Kidney damage caused by tenofovir (found in Viread, Truvada and Atripla) may not reverse itself after a year of discontinuing the drug, according to new study results published ahead of print on the website for the Journal of Acquired Immune Deficiency Syndromes (JAIDS).

As recently as the 17th Conference on Retroviruses and Opportunistic Infections, held last month in San Francisco, researchers have confirmed that tenofovir is associated with an increased risk of renal insufficiency and chronic kidney disease (CKD). According to results from the ongoing EuroSIDA study, tenofovir was associated with a 16 percent increased risk of CKD per year of exposure to the drug, even after adjusting the data for other risk factors for kidney damage, such as high blood pressure and diabetes.

The EuroSIDA and other investigators suggest that tenofovir’s negative effects on the kidneys are often reversible, usually within 12 months of stopping the drug. However, JAIDS study author Karen Wever, MD, of St. Vincent’s Hospital in New York City and her colleagues point to weaknesses in the data supporting this claim.

According to Wever’s group, three reports note that renal function rapidly normalizes after the drug is discontinued by adults with tenofovir-associated kidney toxicity. “However,” they write, “each report described only one or two patients and based their conclusions on the fact that serum creatinine”—a waste product from protein that becomes elevated in the blood if the kidneys aren’t functioning properly—“returned to normal at some time after tenofovir cessation. Serum creatinine, however, is an insensitive measure of renal function and less sensitive than estimated glomerular filtration rate (GFR).”

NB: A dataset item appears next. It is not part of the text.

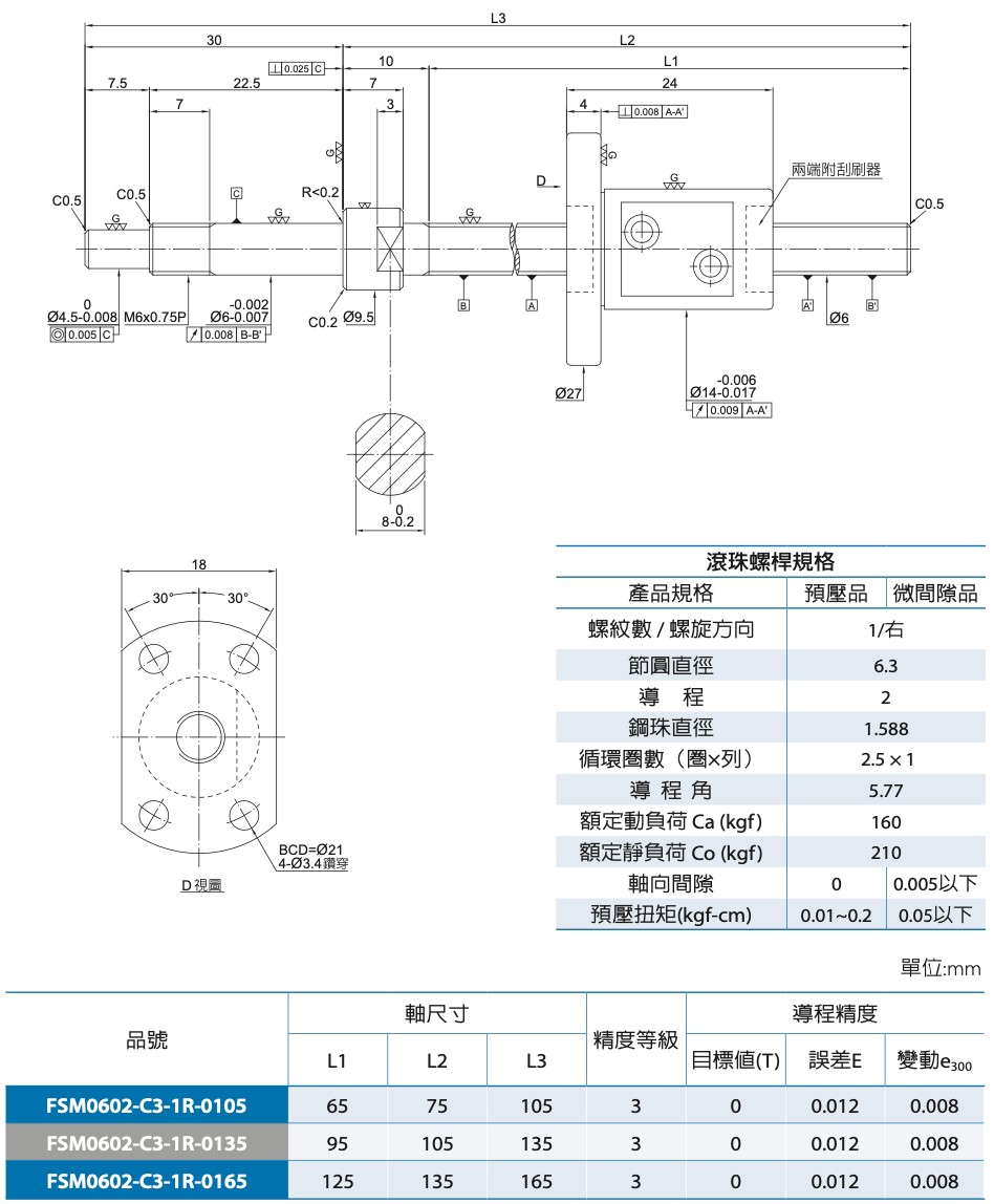 FSMC 軸徑Ø6 導程02|尺寸規格表
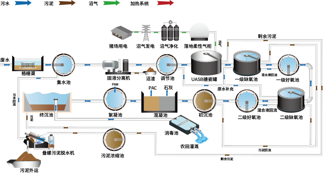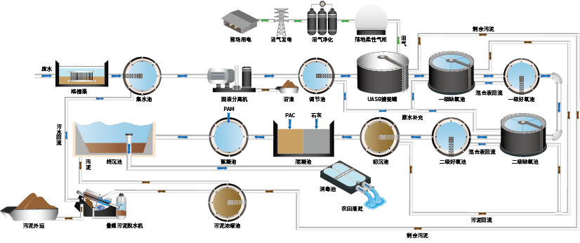 養殖行業糞污處理整體工程以生化處理技術(UASB+兩級AO+除磷+終沉)為核心工藝,確保COD、氨氮、總磷的穩定達標。對養殖場動物糞進行無害化與資源化處理,利用環境生物技術,混合專用發酵菌,對動物糞進行高溫好氧發酵,實現快速腐熟與除臭,使其生物轉化為優質堆肥。

In fact, persistent reductions in the GFR—not increases in serum creatinine levels—is the criteria needed to diagnosis renal insufficiency and CKD. In short, GFR is a calculation of the fluid volume passing through the kidneys using measurements of serum creatinine levels, along with pertinent age, gender, body size and race data.
Wever’s group defined renal insufficiency as a GFR estimate below 90 (mL/min/1.73 m2). A diagnosis of CKD is much more conservative: A GFR less than 60 after being measured twice at least three months apart.

Using GFR estimates, Wever’s group set out to determine the reversibility of tenofovir-renal insufficiency in 24 HIV-positive men who ceased using the drug because of kidney toxicity.

Before starting tenofovir, the patients’ GFR average was 74, indicating some degree of renal insufficiency before commencing therapy with the drug. 

During therapy with tenofovir, their GFR average fell to 51. Thirteen months after stopping tenofovir, the average GFR hovered at 58. This post-tenofovir measurement, compared with the average pre-tenofovir GFR calculation, was statistically significant—too great to have occurred by chance.

Wever and her colleagues reported that only 10 (42 percent) patients reached their pre-tenofovir GFR during the 13-month follow-up period.

Those who experienced rapid declines in their GFRs while receiving tenofovir were the most likely to experience rapid improvements in their GFRs upon stopping treatment with the drug. “This suggests that more acute renal damage is less likely to be permanent,” the authors write.

Wever’s team also found that shorter duration of tenofovir therapy was associated with the greatest GFR improvements in the study.

The use of a protease inhibitor with tenofovir, as opposed to a nucleoside reverse transcriptase inhibitor, was also associated with more rapid GFR improvements upon stopping tenofovir. Though protease inhibitors are not toxic to the kidneys, Wever’s team writes, they can increase tenofovir levels in the blood and kidneys, potentially leading to greater tenofovir toxicity. “The greater improvement of renal function in those who had received tenofovir together with a protease inhibitor might therefore be explained by withdrawal of a higher tenofovir concentration.”

In conclusion, Wever’s group writes, “improvements in renal function after tenofovir cessation is variable and incomplete, particularly in patients with more gradual decline in GFR who are not receiving a protease inhibitor.” They also suggest using a GFR below 90, as opposed to a CKD-defining GFR below 60, when determining whether to discontinue tenofovir treatment “to avoid permanent renal dysfunction.”